[WHAT IS NEEDED]:
For the material below, output exactly the span from the line with "寄生虫通过腹侧粘性盘或吸盘附" to the line with "11月16日から19日まで、", including both, and nothing besides.

[RECORDS FOR THE TASK]:
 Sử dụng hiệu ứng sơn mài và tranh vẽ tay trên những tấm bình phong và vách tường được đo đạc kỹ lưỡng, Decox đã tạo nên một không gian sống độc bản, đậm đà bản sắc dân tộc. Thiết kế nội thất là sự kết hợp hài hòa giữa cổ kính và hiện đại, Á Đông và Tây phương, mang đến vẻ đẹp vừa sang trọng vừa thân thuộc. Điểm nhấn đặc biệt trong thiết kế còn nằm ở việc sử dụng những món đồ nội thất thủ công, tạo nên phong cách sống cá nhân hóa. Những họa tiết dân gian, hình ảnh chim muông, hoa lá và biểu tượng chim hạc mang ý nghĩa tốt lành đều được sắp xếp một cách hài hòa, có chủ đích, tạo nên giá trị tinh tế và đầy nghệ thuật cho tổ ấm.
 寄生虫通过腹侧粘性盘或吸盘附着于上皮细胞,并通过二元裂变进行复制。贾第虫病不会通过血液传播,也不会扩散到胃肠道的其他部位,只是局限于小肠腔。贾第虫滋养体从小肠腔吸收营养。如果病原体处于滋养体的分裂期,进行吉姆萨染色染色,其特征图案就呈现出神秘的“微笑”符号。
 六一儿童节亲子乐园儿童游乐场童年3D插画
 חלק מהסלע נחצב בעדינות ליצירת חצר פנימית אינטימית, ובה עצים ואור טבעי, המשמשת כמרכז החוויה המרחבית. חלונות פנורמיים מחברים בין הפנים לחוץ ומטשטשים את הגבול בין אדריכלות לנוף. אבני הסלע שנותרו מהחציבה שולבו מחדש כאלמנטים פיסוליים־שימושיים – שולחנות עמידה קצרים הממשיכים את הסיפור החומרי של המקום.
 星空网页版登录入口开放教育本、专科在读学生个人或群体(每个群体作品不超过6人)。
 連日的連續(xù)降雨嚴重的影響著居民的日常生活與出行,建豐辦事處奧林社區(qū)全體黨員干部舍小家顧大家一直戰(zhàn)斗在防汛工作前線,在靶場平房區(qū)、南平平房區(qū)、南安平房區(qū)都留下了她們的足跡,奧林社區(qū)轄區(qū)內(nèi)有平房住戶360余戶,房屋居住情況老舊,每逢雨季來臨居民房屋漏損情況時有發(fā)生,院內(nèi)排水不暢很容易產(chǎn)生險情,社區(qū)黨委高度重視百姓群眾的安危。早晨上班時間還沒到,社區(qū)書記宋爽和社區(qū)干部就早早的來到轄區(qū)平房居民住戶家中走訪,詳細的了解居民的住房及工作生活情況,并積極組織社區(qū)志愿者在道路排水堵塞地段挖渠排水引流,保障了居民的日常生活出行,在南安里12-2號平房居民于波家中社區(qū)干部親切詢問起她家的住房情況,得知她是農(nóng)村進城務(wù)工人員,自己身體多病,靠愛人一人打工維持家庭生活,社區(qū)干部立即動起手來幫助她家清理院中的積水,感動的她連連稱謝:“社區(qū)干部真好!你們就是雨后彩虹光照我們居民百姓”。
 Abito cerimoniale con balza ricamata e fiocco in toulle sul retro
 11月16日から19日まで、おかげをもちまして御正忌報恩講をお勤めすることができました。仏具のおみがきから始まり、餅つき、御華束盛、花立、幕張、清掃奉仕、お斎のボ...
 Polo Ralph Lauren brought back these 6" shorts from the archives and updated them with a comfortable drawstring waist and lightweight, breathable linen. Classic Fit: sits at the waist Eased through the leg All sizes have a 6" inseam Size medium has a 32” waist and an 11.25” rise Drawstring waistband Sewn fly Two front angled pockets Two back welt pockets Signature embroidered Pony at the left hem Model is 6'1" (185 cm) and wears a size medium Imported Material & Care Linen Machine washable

[ANSWER FOR THE TASK]:
 寄生虫通过腹侧粘性盘或吸盘附着于上皮细胞,并通过二元裂变进行复制。贾第虫病不会通过血液传播,也不会扩散到胃肠道的其他部位,只是局限于小肠腔。贾第虫滋养体从小肠腔吸收营养。如果病原体处于滋养体的分裂期,进行吉姆萨染色染色,其特征图案就呈现出神秘的“微笑”符号。
 六一儿童节亲子乐园儿童游乐场童年3D插画
 חלק מהסלע נחצב בעדינות ליצירת חצר פנימית אינטימית, ובה עצים ואור טבעי, המשמשת כמרכז החוויה המרחבית. חלונות פנורמיים מחברים בין הפנים לחוץ ומטשטשים את הגבול בין אדריכלות לנוף. אבני הסלע שנותרו מהחציבה שולבו מחדש כאלמנטים פיסוליים־שימושיים – שולחנות עמידה קצרים הממשיכים את הסיפור החומרי של המקום.
 星空网页版登录入口开放教育本、专科在读学生个人或群体(每个群体作品不超过6人)。
 連日的連續(xù)降雨嚴重的影響著居民的日常生活與出行,建豐辦事處奧林社區(qū)全體黨員干部舍小家顧大家一直戰(zhàn)斗在防汛工作前線,在靶場平房區(qū)、南平平房區(qū)、南安平房區(qū)都留下了她們的足跡,奧林社區(qū)轄區(qū)內(nèi)有平房住戶360余戶,房屋居住情況老舊,每逢雨季來臨居民房屋漏損情況時有發(fā)生,院內(nèi)排水不暢很容易產(chǎn)生險情,社區(qū)黨委高度重視百姓群眾的安危。早晨上班時間還沒到,社區(qū)書記宋爽和社區(qū)干部就早早的來到轄區(qū)平房居民住戶家中走訪,詳細的了解居民的住房及工作生活情況,并積極組織社區(qū)志愿者在道路排水堵塞地段挖渠排水引流,保障了居民的日常生活出行,在南安里12-2號平房居民于波家中社區(qū)干部親切詢問起她家的住房情況,得知她是農(nóng)村進城務(wù)工人員,自己身體多病,靠愛人一人打工維持家庭生活,社區(qū)干部立即動起手來幫助她家清理院中的積水,感動的她連連稱謝:“社區(qū)干部真好!你們就是雨后彩虹光照我們居民百姓”。
 Abito cerimoniale con balza ricamata e fiocco in toulle sul retro
 11月16日から19日まで、おかげをもちまして御正忌報恩講をお勤めすることができました。仏具のおみがきから始まり、餅つき、御華束盛、花立、幕張、清掃奉仕、お斎のボ...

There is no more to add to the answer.